I checked on my father, who was still sleeping, put on his boots, and went out into the new day. I walked between the trees and they parted to allow me access. At each trap, I bent or stretched on legs that I thought might not bear my weight for much longer. I trudged up to the wintereyes, making fresh tracks on my usual paths. I rested there, trying to ignore the hollowed-out feeling inside me. When I removed my mittens and held my hands up in front of my face, my fingers shook. I curled up on the hard ground and imagined I was a small animal, a rabbit in its burrow, a hedgehog in a pile of leaves, a downy blackbird in its nest, and I shut my eyes, thinking that if I could sleep, when I woke, everything would either be better or just be gone. Instead of her cake, I dreamed of Ute. She was swimming in the Great Divide. She floated in the blackness, her pale body lit by the moon, and gave a little flick of her legs, which had become a fish’s tail. There was a steady drip as the Great Divide filled up, and I knew that, soon, Ute would swim away. The water rose higher and there was a flash of iridescent scales and then only Ute’s face until a wave took her. The noise of the water woke me, and I saw that the snow was melting and dripping from the trees.

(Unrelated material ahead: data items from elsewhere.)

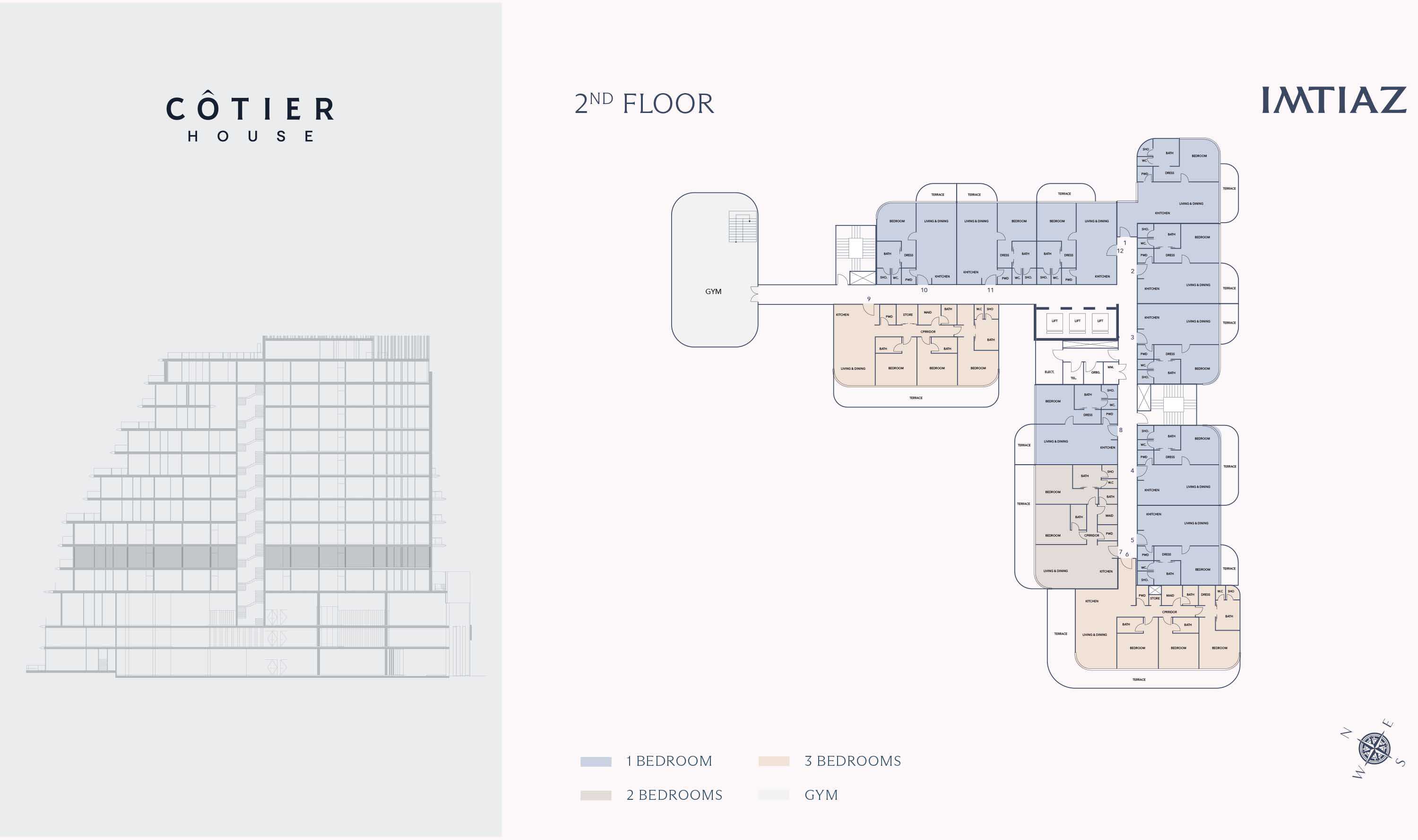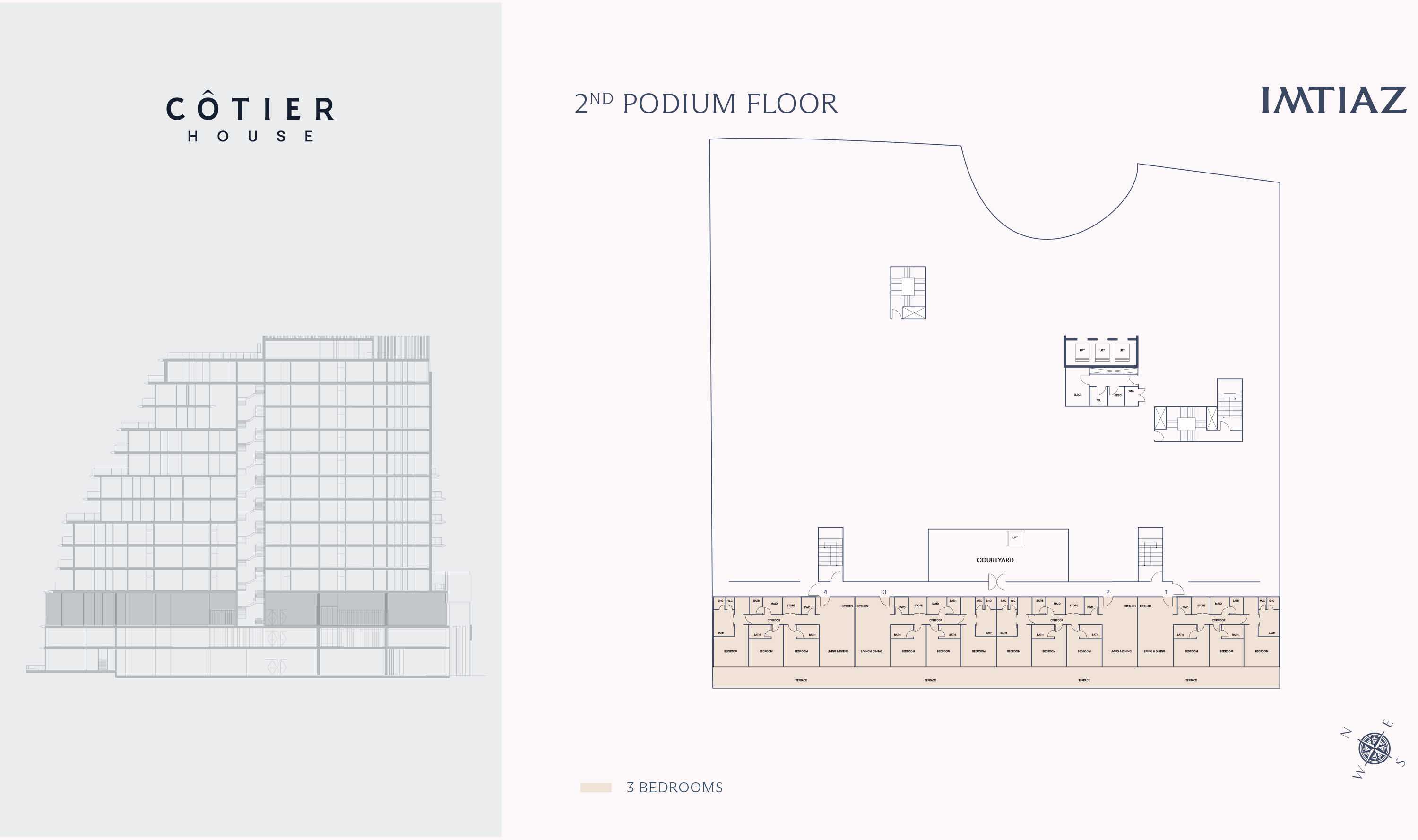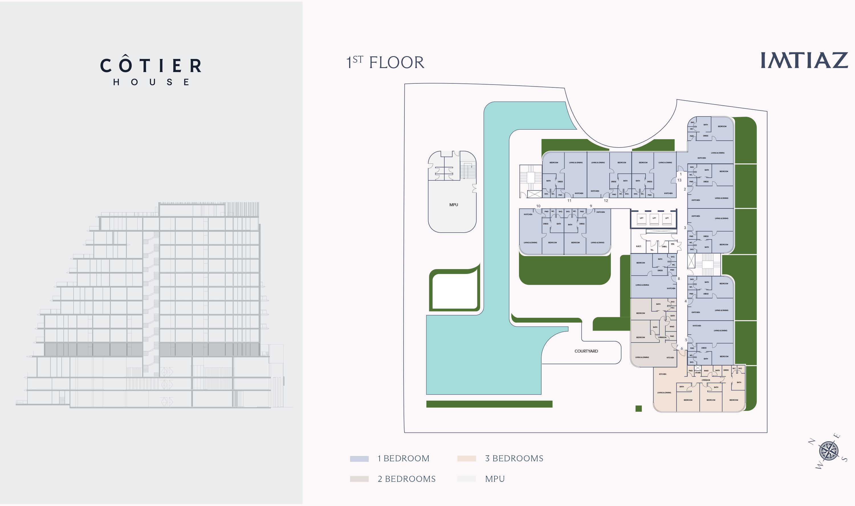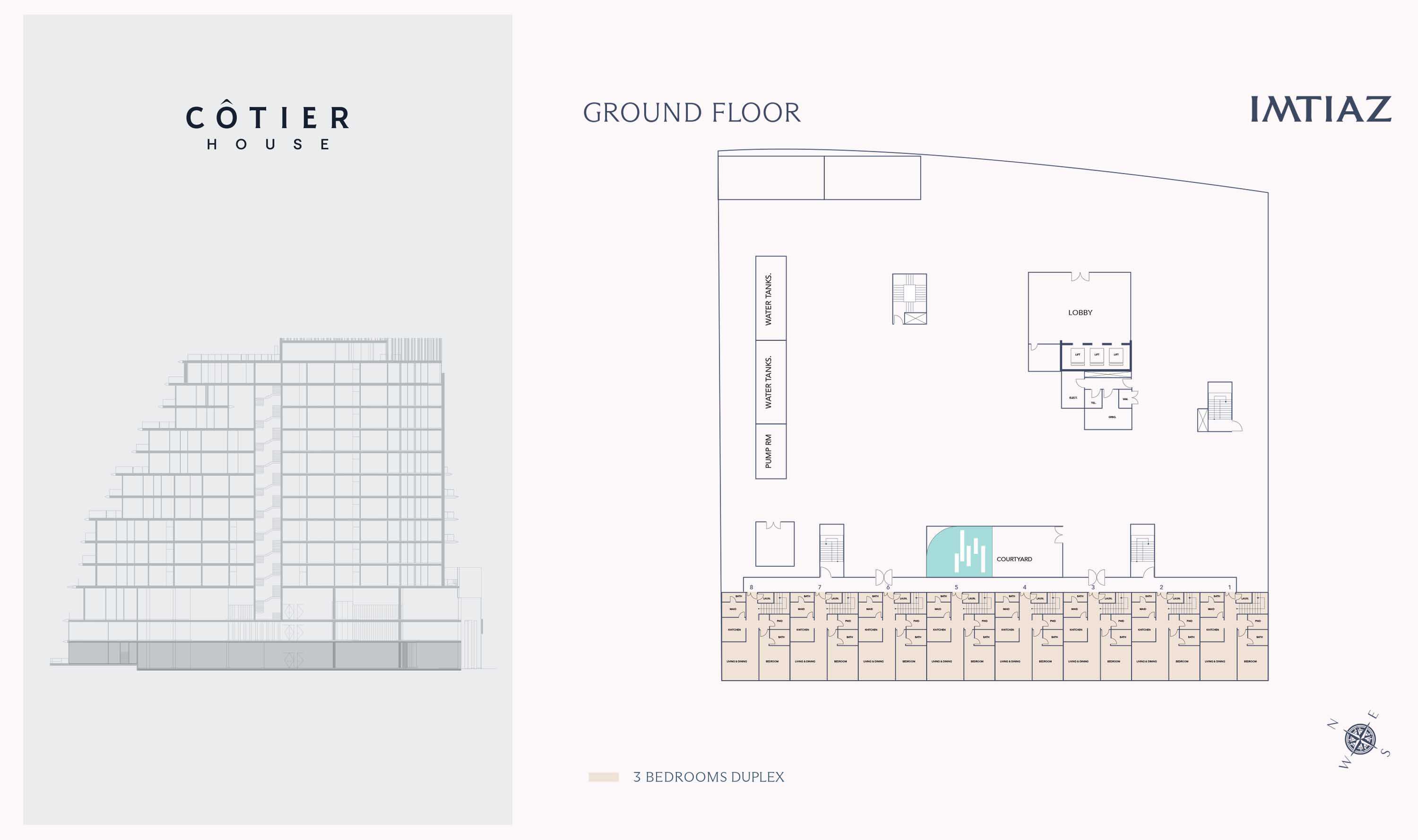 Ground Floor: A concierge reception lobby, a coworking lounge with private meeting rooms, and a landscaped outdoor courtyard.
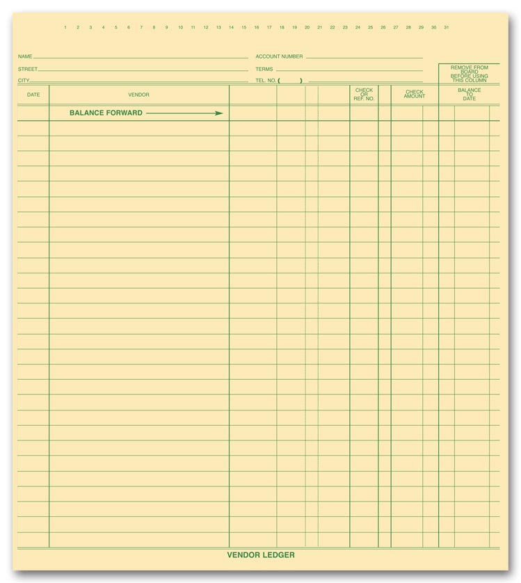 Record details for individual accounts on these quality ledger cards, and order extras for new employees or vendors.
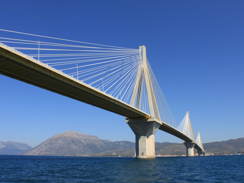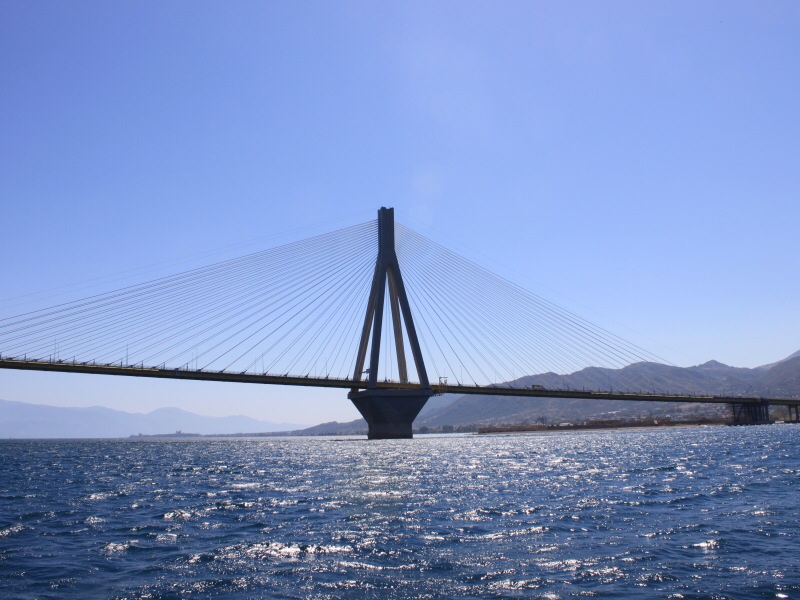 Die Brücke Harilaos Trikoupi ist 2,2 km lang und mußte als Schrägseilbrücke gebaut werden, damit sie ein Erdbeben der Stärke 7 und Windstärken bis zu 140 km/h aushält. Und es gab noch das Problem, dass sich der Peloponnes jährlich um ein paar Millimeter vom Festland entfernt, zu lösen. Für griechische Verhältnisse eine reife Leistung , denn in nur 4 Jahren Bauzeit wurde sie im August 2004 eröffnet und sie ist auch fertig.
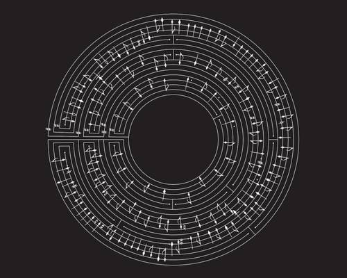 The elegant cover illustration is a commissioned arrangement of three songs from Tchaikovsky’s Swan Lake, adapted into a musical maze which is based on a 14th Century scribe’s version of the French ballade En la maison Dedalus. Each of the three arrangements corresponds to one of the ‘acts’ or chapters within the book.
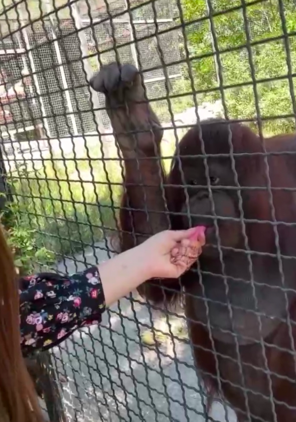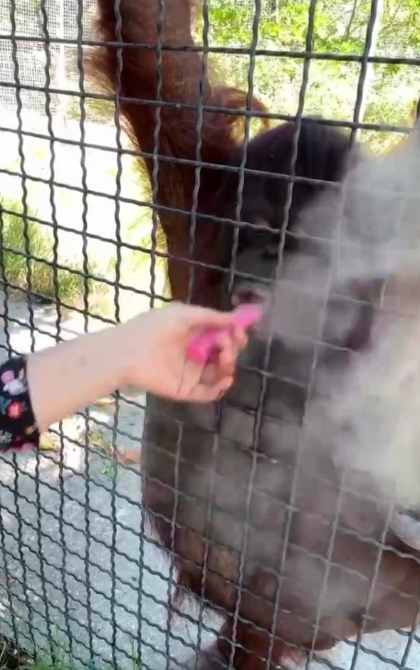 На кадрах видео, которое распространили соцсети и тг-каналы, девушка курит электронную сигарету, находясь рядом с вольером, в котором сидит орангутан по кличке Дана. Потом она передает примату вейп, и животное не отказывается, а повторяет движения человека. На второй раз орангутан внушительно затягивается и выдыхает облако дыма.
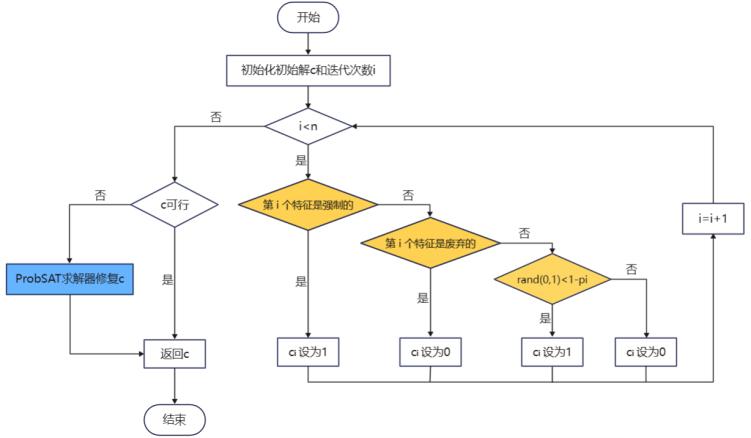dSATNS算法結合了兩類多樣性求解器,依概率調用rSAT4J [2]和ProbSAT。其中,rSAT4J是隨機化版本的SAT4J [3],旨在產(chǎn)生不相似的SAT解;而dProbSAT則是研究人員提出的ProbSAT [4]的改進算法。如圖2所示,dProbSAT借助概率向量產(chǎn)生一個多樣化的初始解c,若c不可行,則調用原始的ProbSAT予以修復。作為一個通用框架, 該算法適用于任何SLS類型的SAT求解器。
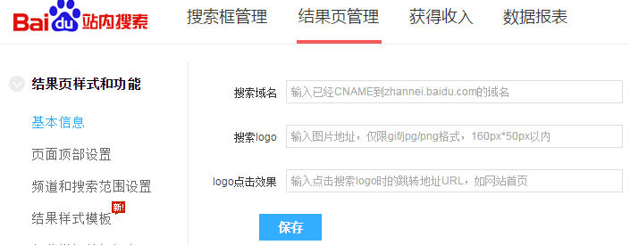 登錄站內(nèi)搜索后臺,選擇“結(jié)果頁管理”——>“結(jié)果頁樣式和功能” ——>“基本信息”,如下圖:
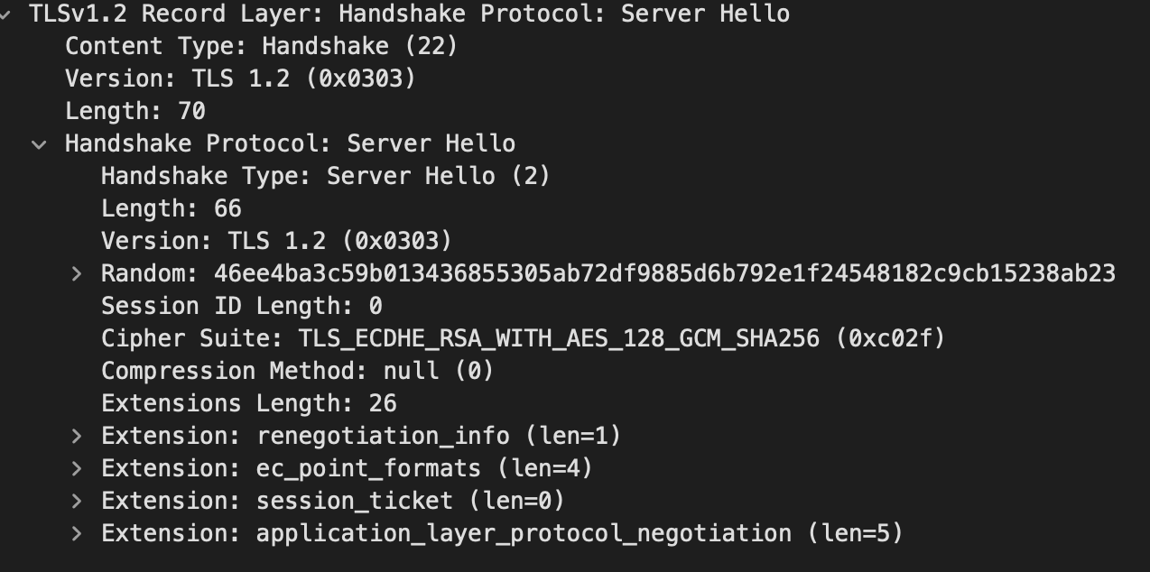 Serve Hello 역시 Client Hello와 비슷한 구조를 가지고 있으며 그 예시는 다음과 같다.
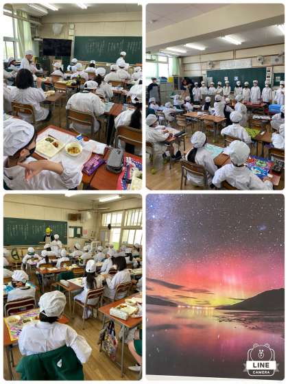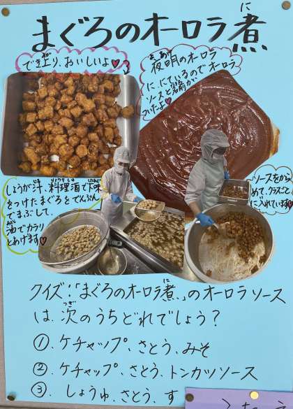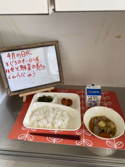 まぐろのオーロラ煮は、子どもたちに人気の献立です。1年生の給食を運んでくれた6年生に、1年生がありがとうと言われて、とてもうれしそうでした。
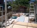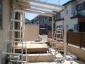 そして現在工事中の2件共に良い作品で楽しみです。 日高市・H様邸 植栽を囲うように設置したベンチも仕上がり テラス屋根施工中です。 シェードが特注の為、もう少しかかりますが・・・
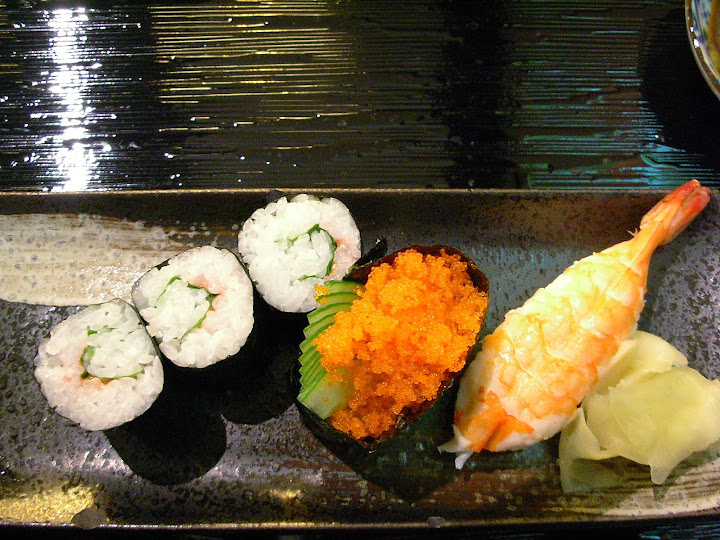 第八道是握壽司~三個紫蘇梅子捲~一個蝦卵軍艦捲~一個蝦肉壽司~

Instead of returning, I followed the footprints of an animal, a wolf or a fox, that had trotted along one of the
mountain trails. It took me in a loop around the back of die Hütte, but not as high as where we had flown the kite in the summer. When I could look down on the rock forest far below me, I came across mounds of heather tucked amongst the south-facing boulders; perhaps the stony overhangs above had protected them from the snow, because they were flowering—purple bells studded the twiggy stalks. An insect had found the plant before I had and within the blooms had laid its grubs in gobs of spittle. I picked one up and, without inspecting it, put it in my mouth and swallowed it whole. The next one I bit down on. There was an instant, like eating an overripe berry, when the flesh gave way with a burst of thick liquid. It tasted of almonds. I ate the larvae until I was full. The rest I plucked from the heather, put in my pockets, and ran back to die Hütte, slipping and sliding down the icy mountain.
As the food came back to us, so did the music, as though the fish and the squirrels and the green buds of spring nourished not only our bodies but our minds too. I read
La Campanella
like a book I couldn’t put down; one that, in the end, I was able to recite by heart.